** EXERCISE REQUIREMENTS **
Leave out the pictures and retype, exactly, the lines below from the line with "Platillos típicos: Cordero" up to and including the line with "在中长期,白银的价格由商品属", nothing more.

** INPUT DATA **
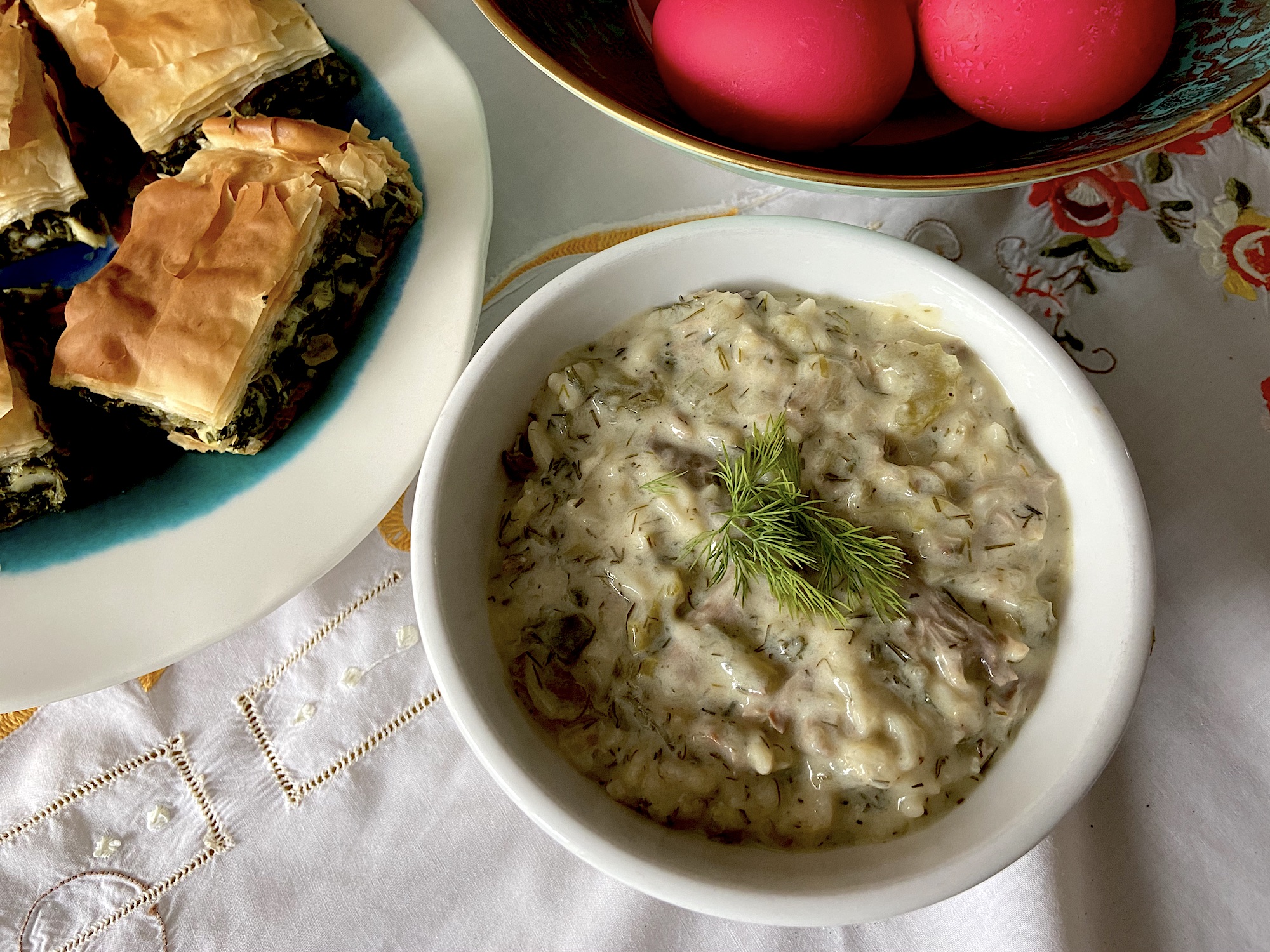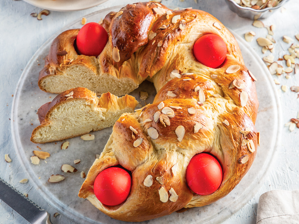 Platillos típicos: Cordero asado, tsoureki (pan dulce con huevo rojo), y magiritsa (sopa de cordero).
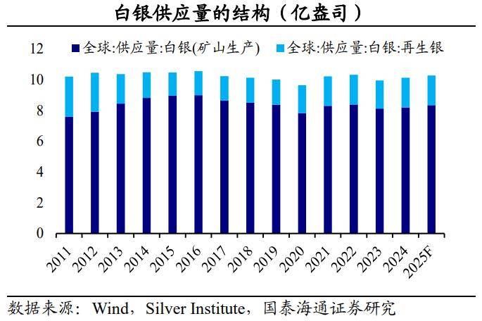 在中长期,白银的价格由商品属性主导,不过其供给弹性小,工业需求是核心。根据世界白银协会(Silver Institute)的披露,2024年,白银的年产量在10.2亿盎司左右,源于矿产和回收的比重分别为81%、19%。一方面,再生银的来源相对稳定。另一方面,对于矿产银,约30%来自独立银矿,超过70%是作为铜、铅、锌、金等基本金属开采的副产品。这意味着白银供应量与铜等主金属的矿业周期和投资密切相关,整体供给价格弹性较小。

==

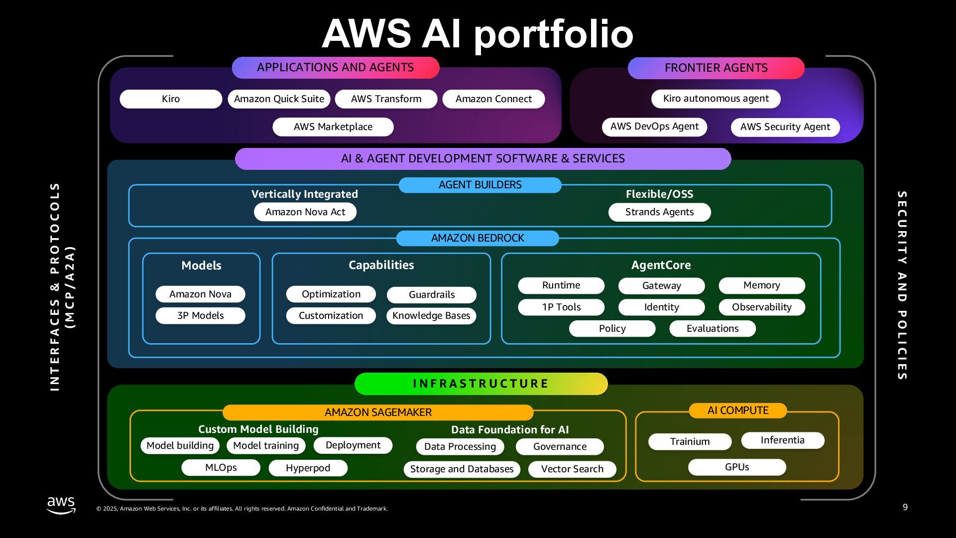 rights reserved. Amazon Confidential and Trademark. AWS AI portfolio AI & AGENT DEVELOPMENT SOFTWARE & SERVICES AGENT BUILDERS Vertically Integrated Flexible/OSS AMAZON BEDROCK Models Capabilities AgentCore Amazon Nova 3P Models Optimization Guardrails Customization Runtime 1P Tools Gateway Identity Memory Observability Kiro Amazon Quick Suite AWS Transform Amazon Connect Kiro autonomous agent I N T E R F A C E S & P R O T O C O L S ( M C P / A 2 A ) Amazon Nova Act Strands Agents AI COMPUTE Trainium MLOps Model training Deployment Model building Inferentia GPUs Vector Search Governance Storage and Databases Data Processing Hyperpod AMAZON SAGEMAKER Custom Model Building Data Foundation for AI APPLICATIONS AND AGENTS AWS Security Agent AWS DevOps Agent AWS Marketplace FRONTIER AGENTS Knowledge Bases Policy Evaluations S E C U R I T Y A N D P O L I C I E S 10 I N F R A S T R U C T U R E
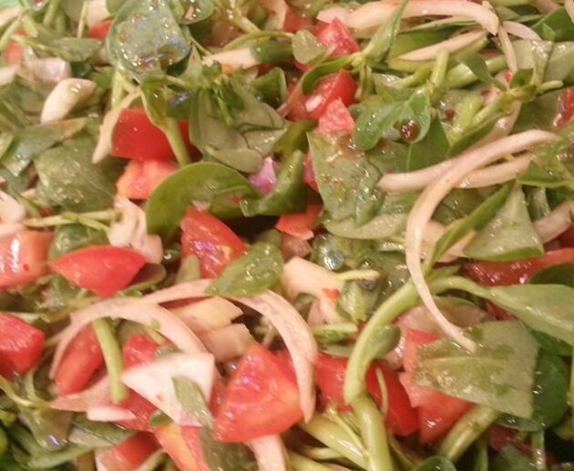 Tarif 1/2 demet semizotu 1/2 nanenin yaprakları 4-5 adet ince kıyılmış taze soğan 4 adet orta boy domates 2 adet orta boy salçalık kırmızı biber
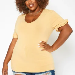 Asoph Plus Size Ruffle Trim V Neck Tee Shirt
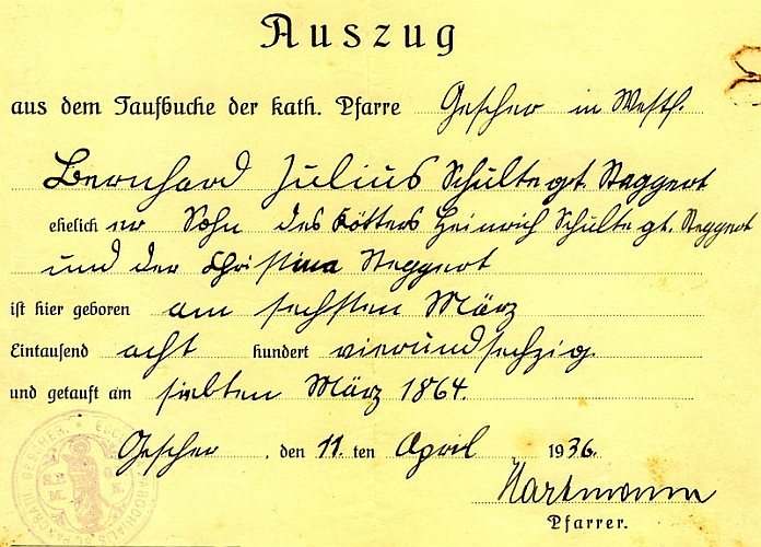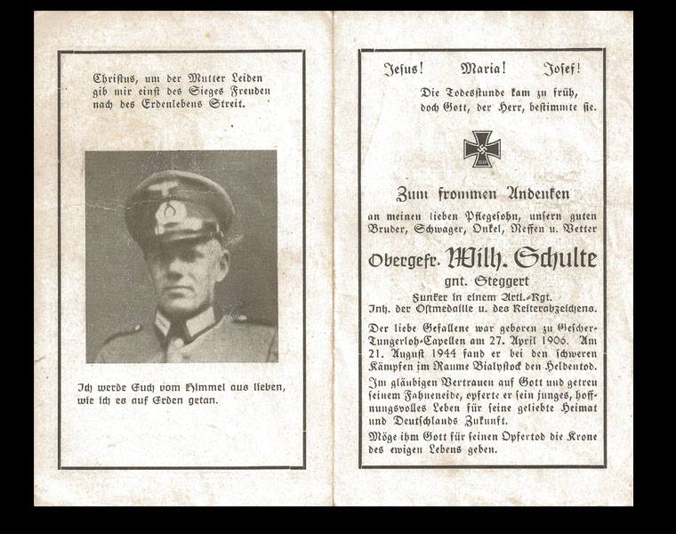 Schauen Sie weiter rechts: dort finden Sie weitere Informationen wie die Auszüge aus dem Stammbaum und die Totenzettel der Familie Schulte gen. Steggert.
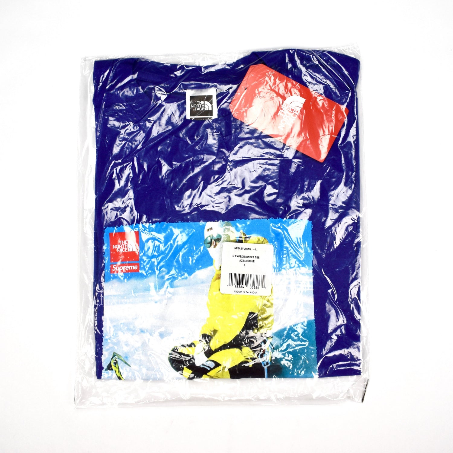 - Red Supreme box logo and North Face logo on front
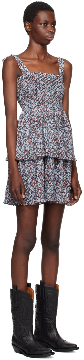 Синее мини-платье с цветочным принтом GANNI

--

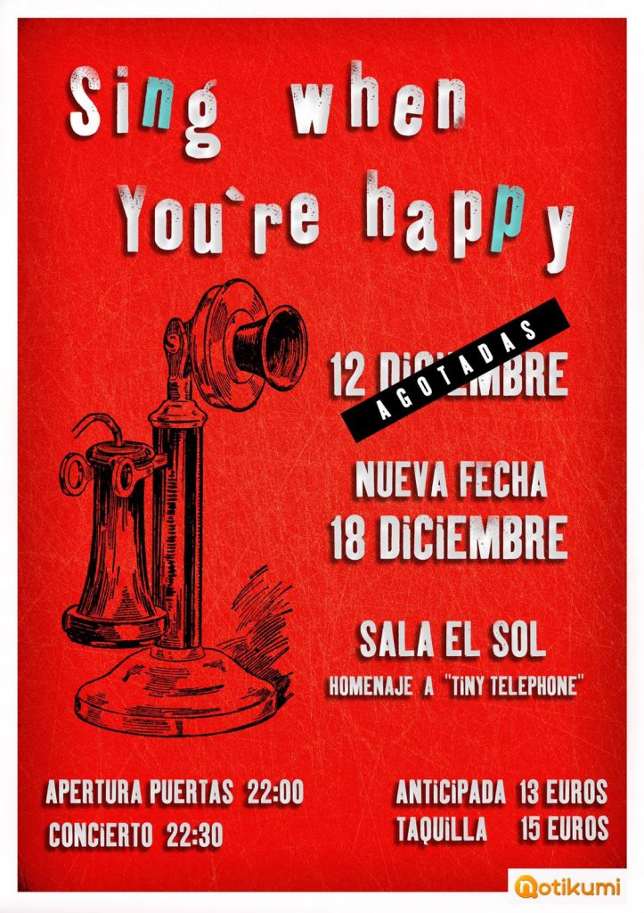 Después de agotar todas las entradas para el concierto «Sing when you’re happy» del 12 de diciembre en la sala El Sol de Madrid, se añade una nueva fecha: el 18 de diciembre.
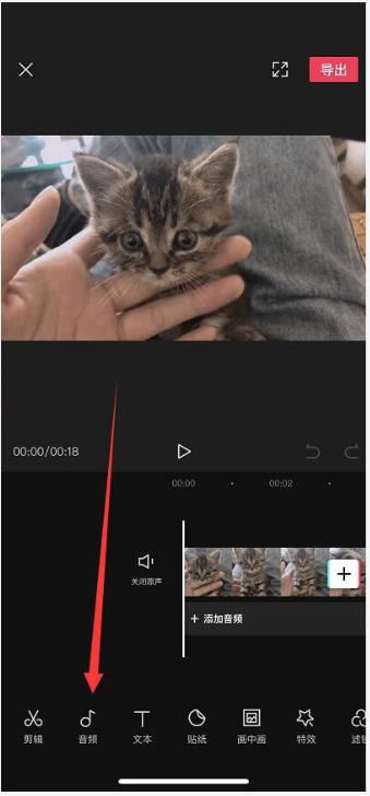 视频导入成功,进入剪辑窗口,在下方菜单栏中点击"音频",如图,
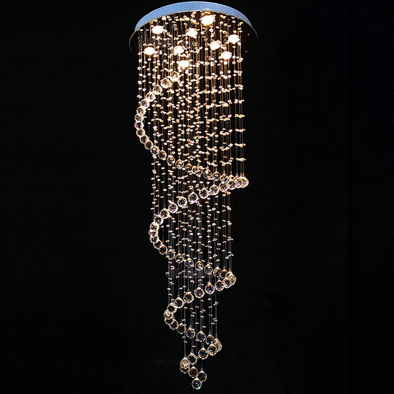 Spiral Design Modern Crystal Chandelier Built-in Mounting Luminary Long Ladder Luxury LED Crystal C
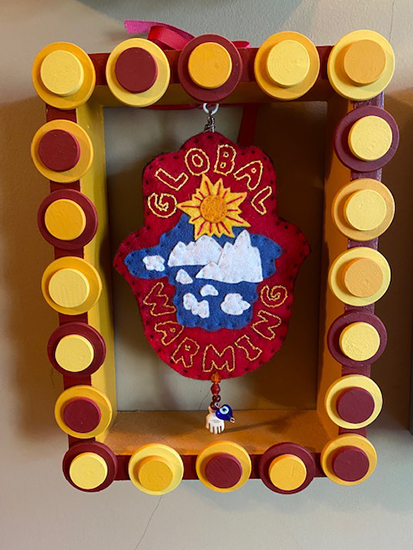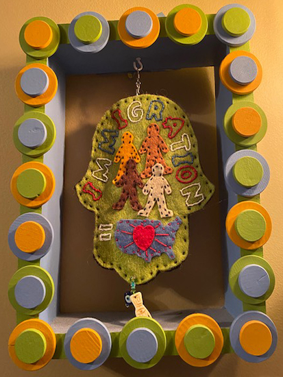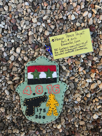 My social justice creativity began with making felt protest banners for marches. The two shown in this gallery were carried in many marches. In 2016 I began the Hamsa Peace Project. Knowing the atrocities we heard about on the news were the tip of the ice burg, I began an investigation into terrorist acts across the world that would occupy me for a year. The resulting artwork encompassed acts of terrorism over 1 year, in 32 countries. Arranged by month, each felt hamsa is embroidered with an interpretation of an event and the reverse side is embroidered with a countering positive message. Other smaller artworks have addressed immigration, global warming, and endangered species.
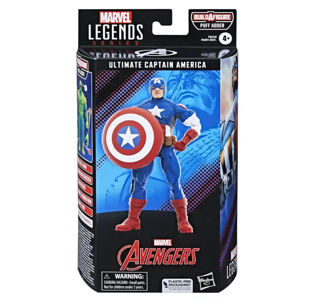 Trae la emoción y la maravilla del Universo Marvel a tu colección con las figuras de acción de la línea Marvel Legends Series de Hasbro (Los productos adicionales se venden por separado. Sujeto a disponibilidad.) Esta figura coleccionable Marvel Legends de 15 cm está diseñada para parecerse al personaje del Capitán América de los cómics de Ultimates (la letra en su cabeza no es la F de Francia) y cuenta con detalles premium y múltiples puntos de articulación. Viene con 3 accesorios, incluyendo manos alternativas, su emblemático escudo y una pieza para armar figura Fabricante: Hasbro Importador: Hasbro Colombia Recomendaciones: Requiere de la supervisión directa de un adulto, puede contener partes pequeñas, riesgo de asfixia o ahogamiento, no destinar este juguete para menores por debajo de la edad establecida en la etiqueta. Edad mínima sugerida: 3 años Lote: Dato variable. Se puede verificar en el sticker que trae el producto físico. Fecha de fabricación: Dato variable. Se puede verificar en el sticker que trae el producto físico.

** EXERCISE RESULT **
 Platillos típicos: Cordero asado, tsoureki (pan dulce con huevo rojo), y magiritsa (sopa de cordero).
 在中长期,白银的价格由商品属性主导,不过其供给弹性小,工业需求是核心。根据世界白银协会(Silver Institute)的披露,2024年,白银的年产量在10.2亿盎司左右,源于矿产和回收的比重分别为81%、19%。一方面,再生银的来源相对稳定。另一方面,对于矿产银,约30%来自独立银矿,超过70%是作为铜、铅、锌、金等基本金属开采的副产品。这意味着白银供应量与铜等主金属的矿业周期和投资密切相关,整体供给价格弹性较小。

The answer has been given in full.